Real-time 3D representation of the context

To evaluate the effectiveness of the Object-Oriented Bayesian Networks developed in this work, the node’s CPTs are filled eliciting the knowledge of the authors. Figure 16.2 shows the CPT relative to the “FeelingCold” situation node. Then, possible combinations of evidence are set up by manually activating input nodes, and the expected consequences achieve high percentage values meaning that predictable anomalies within the scenario are fully recognized. Figure 16.4 shows an example of anomaly detection within the Nonsense and Dangerous Scenario module. Four input nodes are set up to represent a scenario where the user is barefoot, not wearing a jacket and hat, and is opening the door. Specifically, the ShoeOn, CapOn, and JacketOn input nodes have been set up to false (activities recognizable through the AR model), while the DoorSensor input node has been set up to open. The user is not preparing to leave (98.90% false) but is actually leaving home (90.09% true). The “Leaving Home Anomalies” output node detects a likelihood of 87.34% that the user is leaving undressed.

Fig. 16.4
A flow diagram of the nonsense and dangerous scenario module has the blocks for shoe On, cap On, jacket On, door Sensor, preparing To Leave, I am feeling cold, and more interconnected with each other. The block for leaving home anomalies is highlighted with a box.
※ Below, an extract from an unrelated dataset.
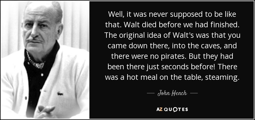 Well, it was never supposed to be like that. Walt died before we had finished. The original idea of Walt's was that you came down there, into the caves, and there were no pirates. But they had been there just seconds before! There was a hot meal on the table, steaming.

Detected anomaly within the Nonsense and Dangerous Scenario module

Figure 16.5 shows the dialog system prototype built upon the STT and TTS processes. STT module starts by recording the user’s speech without requiring HP. Then, the record is managed by the IBM’s Watson STT service that returns a transcription of the speech. Finally, the transcription is shown in the Node-RED’s debug tab. By contrast, the TTS process is automatically triggered by the system depending on the output of the reasoner. Tailored messages can be played depending on the needs of the user. These written messages are converted through the IBM’s Watson TTS service. Finally, the converted speech is played by the speakers.

Fig. 16.5
A block diagram of the S S T process includes 3 blocks, microphone, speech to text, and message transcription at the top, while the T T S process contains 3 blocks, from O O B N, text speech, and play audio at the bottom.

SST and TTS processes within the Node-RED editor

6 Conclusion

The increase in the number of elderly people and consequently the increased occurrence we will see in the future of geriatric cognitive disorders requires new systems for developing AAL solutions. Therefore, this research work aims to propose the development of Cognitive Building through the exploitation of the DT paradigm.
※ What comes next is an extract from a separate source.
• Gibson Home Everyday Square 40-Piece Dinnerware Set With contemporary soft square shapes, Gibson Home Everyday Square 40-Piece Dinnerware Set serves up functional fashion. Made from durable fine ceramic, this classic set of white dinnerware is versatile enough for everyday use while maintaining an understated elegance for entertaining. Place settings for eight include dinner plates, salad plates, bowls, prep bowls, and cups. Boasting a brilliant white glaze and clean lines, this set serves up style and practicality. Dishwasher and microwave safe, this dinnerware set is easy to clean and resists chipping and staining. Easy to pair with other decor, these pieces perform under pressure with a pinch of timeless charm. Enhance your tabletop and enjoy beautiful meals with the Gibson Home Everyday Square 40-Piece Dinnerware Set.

The grounded multi-agent system architecture defines a model able to autonomously perform real-time high-level reasoning, that allows the detection of anomalies in daily scenarios, and consequently offers support to the user. The knowledge development applied here is a major strength: the raw data that is captured by multi-modal sensors (visual and non-visual) and subsequently reported in 3D in real time, but also the reasoning applied at a high level when anomalies are detected. AR is performed using a neural network model that leverages 3D data derived from the user’s pre-processed real-time 3D representation. On the other hand, the OOBN can recognize wasteful, meaningless, or dangerous behaviors, environmental distress, changes in behavioral patterns, and serious medical situations or events, and then trigger specific services. Two-way voice interaction with the individual is performed by the dialogue system, implemented in the Automation HUB agent, based on Node-RED. A number of improvements can be addressed as future work of this study: implementing the MS-G3D model; learning the OOBN modules through data captured from a real-world AAL environment; and fully testing the entire pipeline in an end-to-end manner.